HABER MERKEZİ – İstanbul LGBTİ+ Onur Haftası Komitesi, Vali Yardımcısı ile yaptıkları görüşme sonucu kendilerine, Taksim’deki Onur Yürüyüşü’ne izin verilmeyeceğinin söylendiğini açıkladı.

27’nci İstanbul LGBTİ+ Onur Haftası Komitesi, Onur Haftası öncesi İstanbul Valiliği ile görüşmeleri ve son duruma ilişkin basın açıklaması düzenledi.

İnsan Hakları Derneği (İHD) İstanbul Şubesi’nde düzenlenen basın açıklamasını okuyan Beren Azizi, Onur Yürüyüşü’nün güvenli bir şekilde gerçekleştirilmesi için İstanbul Valiliği’ne görüşme talebinde bulunduklarını belirtti.

Bu kapsamda Vali Yardımcısı Mehmet Ali Özyiğit ile bir görüşme gerçekleştirdiklerini söyleyen Azizi, “Vali Yardımcısı Özyiğit’ten, Taksim’in yürüyüş ve gösteri alanı olmadığı ve Taksim’de hiçbir gösteriye izin verilmediği gibi LGBTİ+’lara da izin verilmeyeceği yanıtını aldık” dedi.

“Görüşme esnasında Valilik’ten alınan bu yanıt üzerine aldığımız karar doğrultusunda, İstanbul Valiliği tarafından her yıl açıklanan toplantı, gösteri ve yürüyüş alanlarından birinde yürüyüş gerçekleştirmeye yönelik talebimizi bildirdik, bu şekilde gerçekleştirilecek bir yürüyüşe dair komitenin kaygıları ve beklentilerini de kendisi ile paylaştık.

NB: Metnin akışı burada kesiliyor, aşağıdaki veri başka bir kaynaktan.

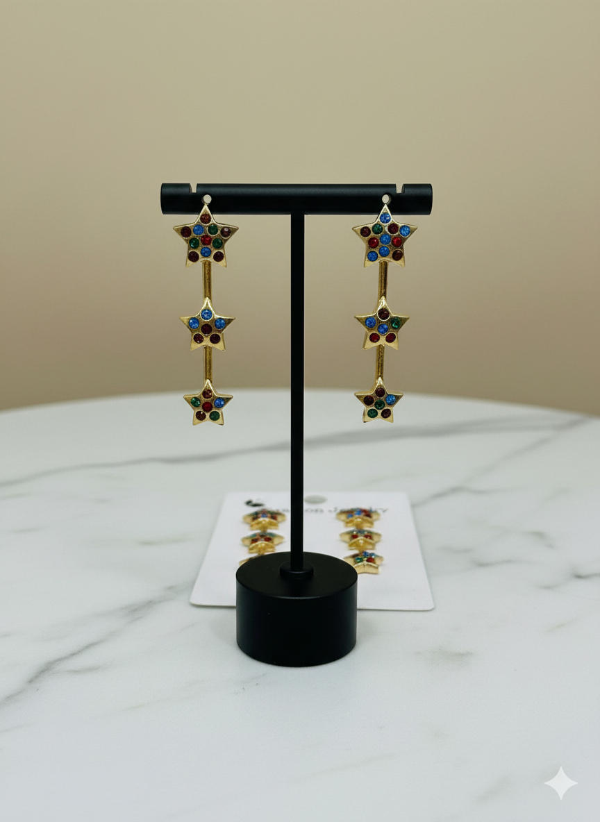 Featuring three-tier star designs with multicolor CZ crystals, these earrings combine elegance and playfulness — perfect for both casual and party wear.
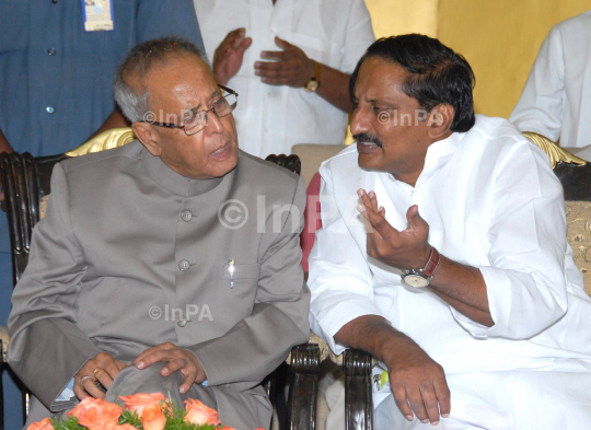UPA nominee for President Pranab Mukherjee with N Kiran Kumar Reddy, Chief Minister of Andhra Pradesh at CLP Meeting at Jubilee Hall in Hyderabad on July, 2012. Photo Credit: Indian Photo Agency
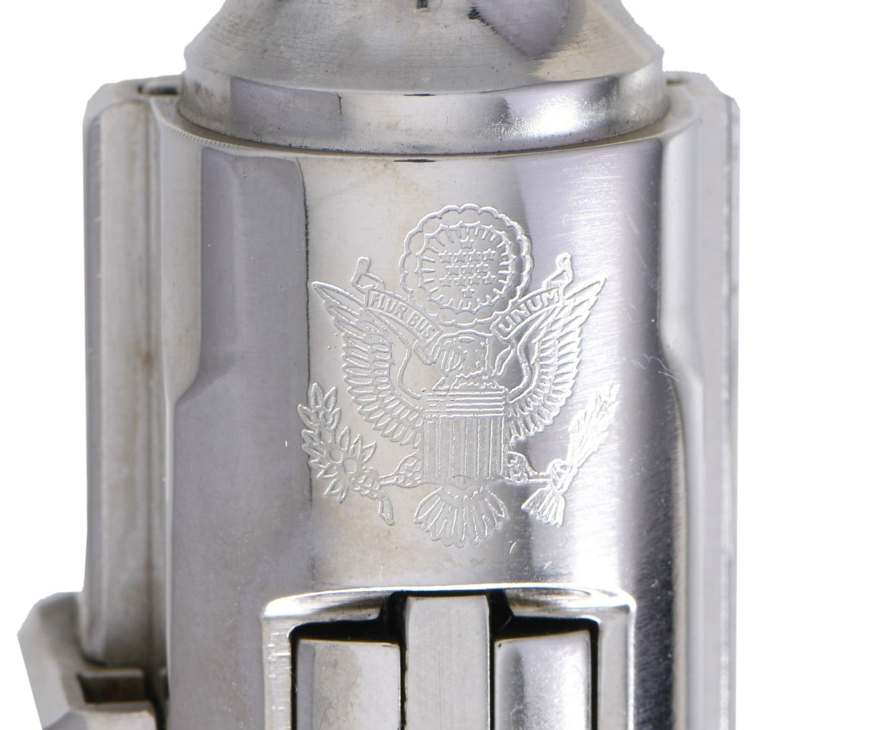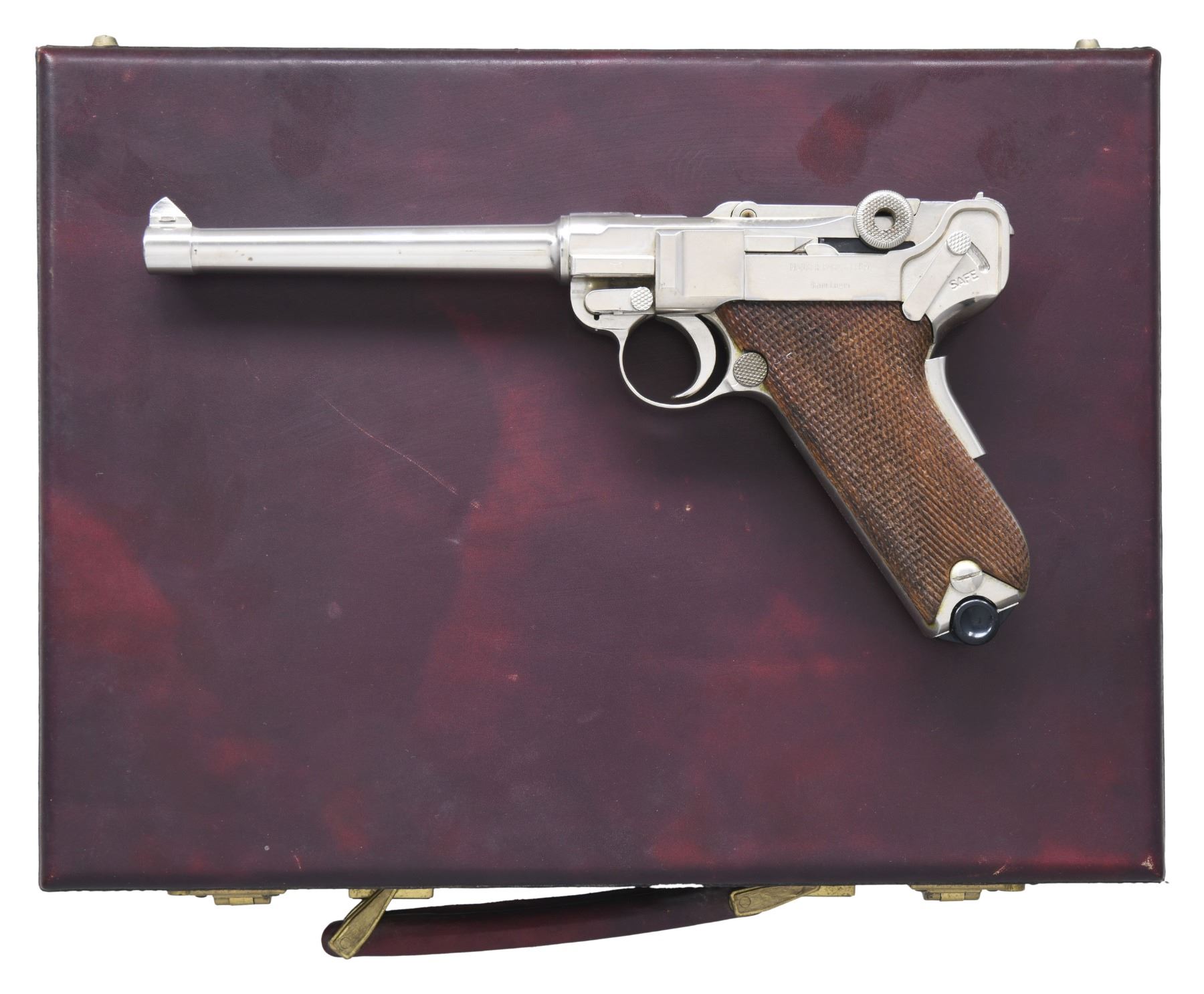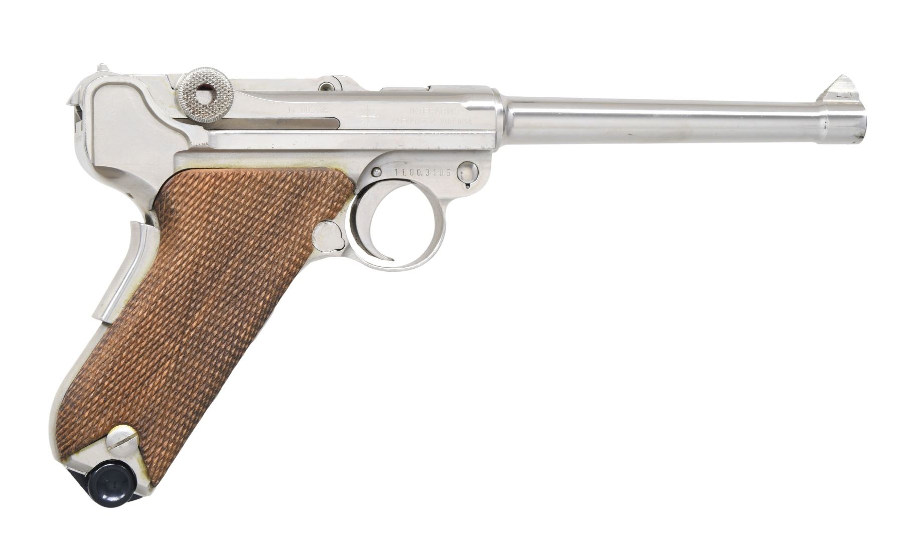 LUGER SEMI-AUTOMATIC PISTOL WITH FACTORY DISPLAY CASE. Cal. 9mm Luger. S# 11.00.3105. Bbl. 6". American Eagle Luger mfg. by Mauser and imported by Interarms. The bbl. extension is marked with the Great Seal of the United States over the top of the chamber, with the S#, followed by Interarms' importer information marked on the right. Toggle is marked with the Original Mauser logo. Frame and bbl. exhibit standard markings. Metal components exhibit a chrome plated finish. Frame is mounted with 2-piece checkered wood grips. Dovetailed serrated blade front sight, with fixed U-notch rear sight. All numbers are matching and are present on the frame and bbl. extension. MAGS: 1 chrome plated 8-rd., with black plastic bottom. UNATTACHED ACCESSORIES: black leather factory display case, featuring a red velvet lining, containing a 1972 Interarms' sales catalog, as well as an original factory manual. CONDITION: very good, with metal components retaining the vast majority of their chrome plated finish, exhibiting some scattered spots of light surface oxidation and pitting overall. Brilliant mirror bore, exhibiting some grease in the grooves, while retaining well defined rifling throughout. Grips are very good, showing some light smoothing. Case is very good, exhibiting some light exterior wear. (25-1264/MLW). MODERN. $1,000-1,500.
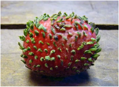 不少人可能遇到过这种现象:甜瓜、番茄、南瓜等果实的表面毫无异常,切开一看,里面居然诡异地长出了许多小芽,甚至有的草莓种子会在果实表面长出小绿叶,看着让人头皮发麻。这会不会是生长调节剂滥用的结果?
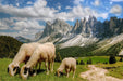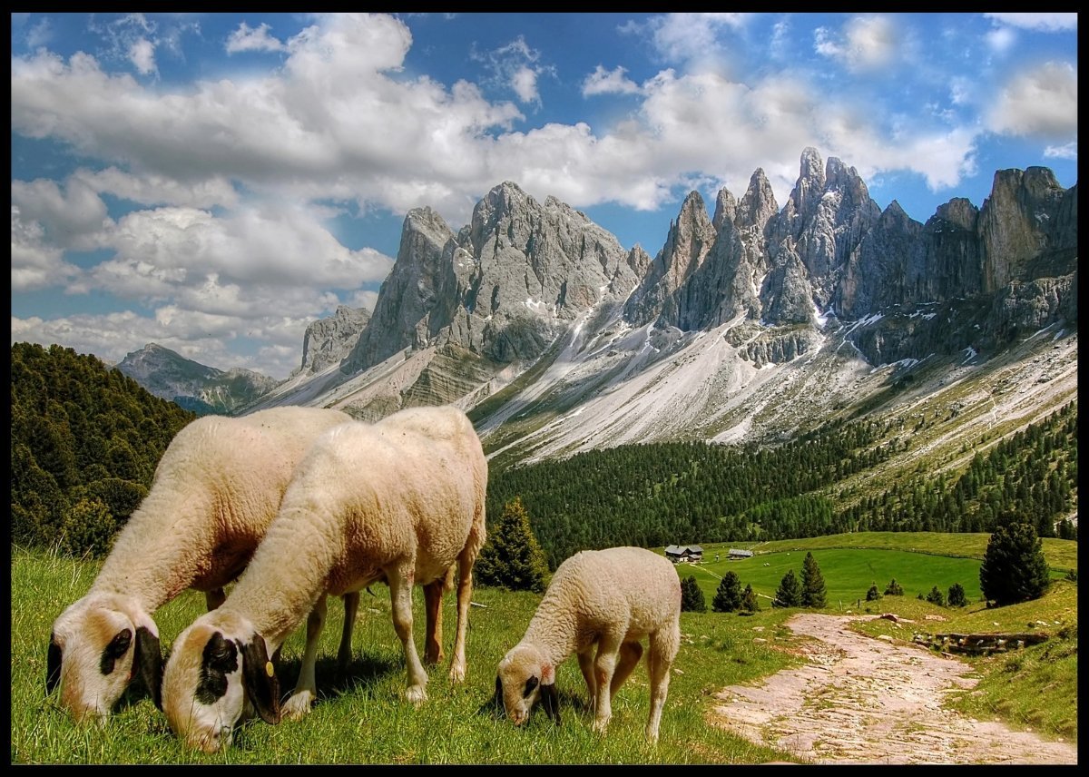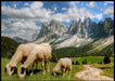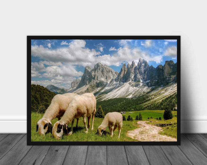 En nydelig plakat av beitende sauer og med en flott fjellkjede i bakgrunnen.

Vali yardımcısı ise sadece Taksim değil, İstanbul’da gerçekleşecek tüm açık alan eylemleri için “toplumsal tereddütlü grup” olduğumuzu iddia ederek, bu talebe sıcak bakmadıklarını sözleriyle beyan etti.”

Azizi bunun üzerine “Toplantı ve Gösteri Yürüyüşü düzenlenecek alanlar” olarak belirlenmiş alanlardan olan Bakırköy için Valiliğe dilekçe verdiklerini söyledi.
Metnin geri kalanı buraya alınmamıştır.